### What is expected
Everything from the line containing "S925银针轻奢小众百搭气质简约耳钉耳饰粉色少女心馒头珍珠耳钉女" through the line containing "Робин:Миша: но я" in the listing below should be copied exactly, and nothing more.

### Supplied material
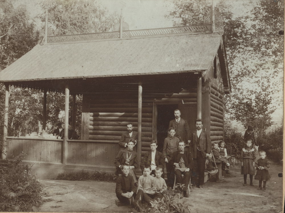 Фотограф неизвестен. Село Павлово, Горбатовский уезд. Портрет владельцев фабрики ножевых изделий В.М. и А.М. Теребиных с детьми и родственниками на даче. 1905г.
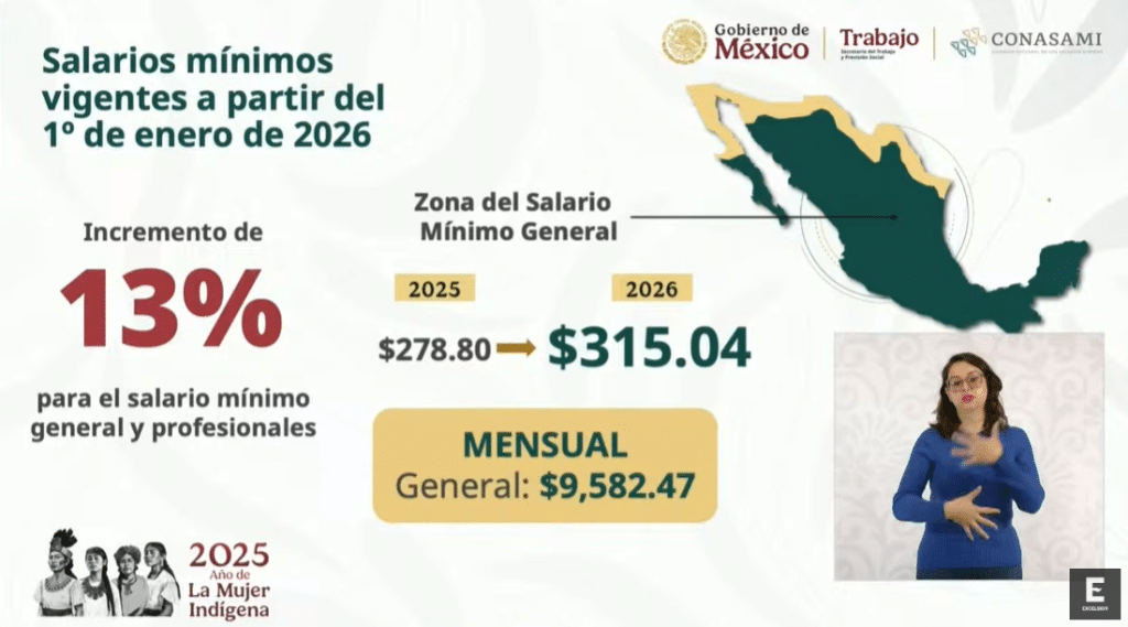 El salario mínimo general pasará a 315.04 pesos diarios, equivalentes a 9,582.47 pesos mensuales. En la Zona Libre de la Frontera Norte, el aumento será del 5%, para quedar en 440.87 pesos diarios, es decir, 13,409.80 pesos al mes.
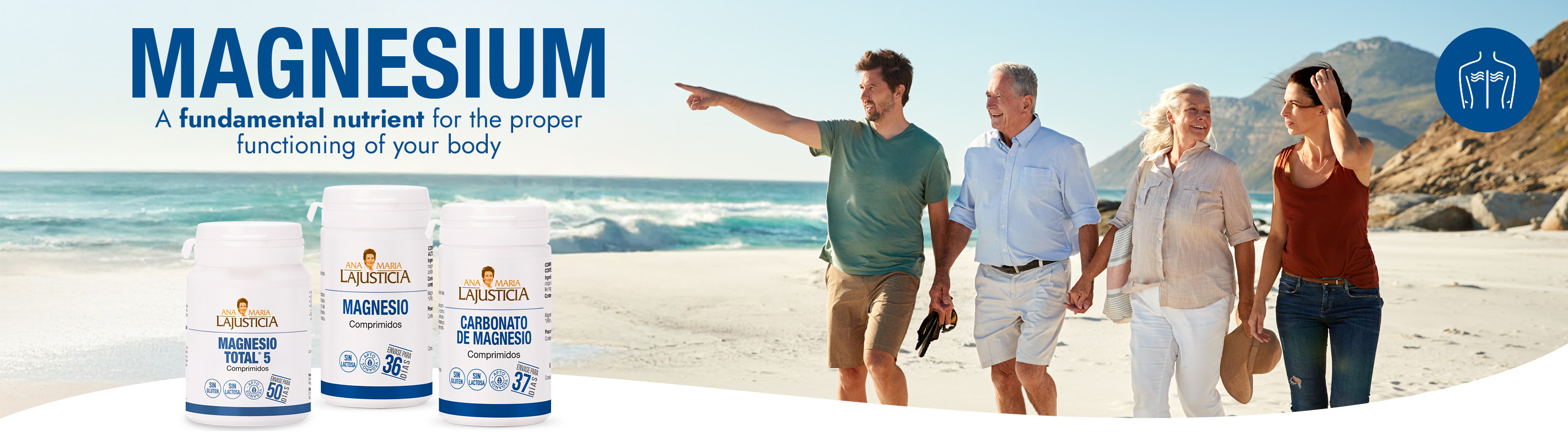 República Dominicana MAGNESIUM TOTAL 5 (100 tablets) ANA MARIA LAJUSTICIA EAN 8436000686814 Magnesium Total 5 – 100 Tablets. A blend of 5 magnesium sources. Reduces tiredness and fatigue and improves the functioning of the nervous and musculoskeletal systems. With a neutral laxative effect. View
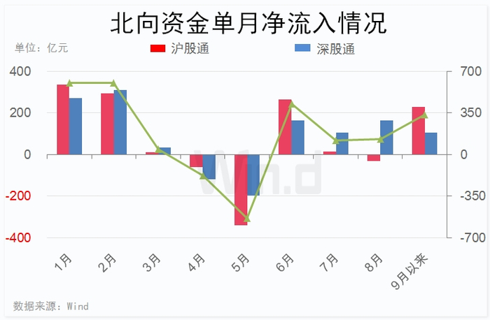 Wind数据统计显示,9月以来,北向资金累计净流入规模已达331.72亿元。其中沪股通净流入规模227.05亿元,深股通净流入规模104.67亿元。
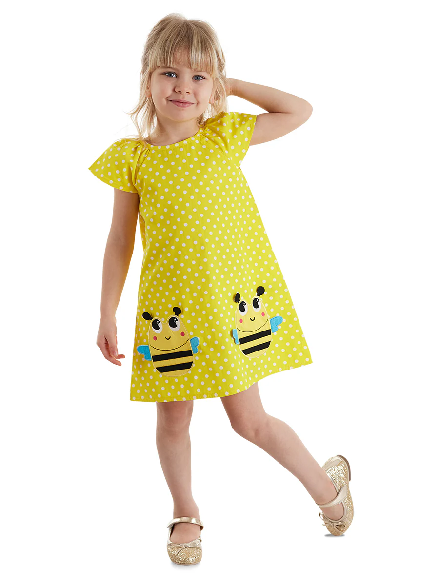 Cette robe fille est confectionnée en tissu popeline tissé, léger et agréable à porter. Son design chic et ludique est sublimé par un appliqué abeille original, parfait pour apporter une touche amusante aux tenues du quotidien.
---
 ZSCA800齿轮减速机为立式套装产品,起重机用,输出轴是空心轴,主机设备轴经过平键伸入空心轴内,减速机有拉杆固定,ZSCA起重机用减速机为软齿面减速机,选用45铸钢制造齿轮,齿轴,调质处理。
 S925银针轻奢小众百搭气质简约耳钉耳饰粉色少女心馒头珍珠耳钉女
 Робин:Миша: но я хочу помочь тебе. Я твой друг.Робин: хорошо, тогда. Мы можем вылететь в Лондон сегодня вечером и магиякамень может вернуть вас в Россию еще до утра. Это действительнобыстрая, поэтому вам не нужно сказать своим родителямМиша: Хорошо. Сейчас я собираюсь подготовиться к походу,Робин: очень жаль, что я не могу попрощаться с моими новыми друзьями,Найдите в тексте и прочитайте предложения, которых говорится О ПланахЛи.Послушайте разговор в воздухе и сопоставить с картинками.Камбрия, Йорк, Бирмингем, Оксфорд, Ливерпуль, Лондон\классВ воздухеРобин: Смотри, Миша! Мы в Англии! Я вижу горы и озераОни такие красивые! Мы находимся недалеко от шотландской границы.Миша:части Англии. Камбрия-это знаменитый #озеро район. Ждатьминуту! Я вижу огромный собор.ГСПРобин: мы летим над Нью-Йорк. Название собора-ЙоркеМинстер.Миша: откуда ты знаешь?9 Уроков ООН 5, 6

### Output of the exercise
 S925银针轻奢小众百搭气质简约耳钉耳饰粉色少女心馒头珍珠耳钉女
 Робин:Миша: но я хочу помочь тебе. Я твой друг.Робин: хорошо, тогда. Мы можем вылететь в Лондон сегодня вечером и магиякамень может вернуть вас в Россию еще до утра. Это действительнобыстрая, поэтому вам не нужно сказать своим родителямМиша: Хорошо. Сейчас я собираюсь подготовиться к походу,Робин: очень жаль, что я не могу попрощаться с моими новыми друзьями,Найдите в тексте и прочитайте предложения, которых говорится О ПланахЛи.Послушайте разговор в воздухе и сопоставить с картинками.Камбрия, Йорк, Бирмингем, Оксфорд, Ливерпуль, Лондон\классВ воздухеРобин: Смотри, Миша! Мы в Англии! Я вижу горы и озераОни такие красивые! Мы находимся недалеко от шотландской границы.Миша:части Англии. Камбрия-это знаменитый #озеро район. Ждатьминуту! Я вижу огромный собор.ГСПРобин: мы летим над Нью-Йорк. Название собора-ЙоркеМинстер.Миша: откуда ты знаешь?9 Уроков ООН 5, 6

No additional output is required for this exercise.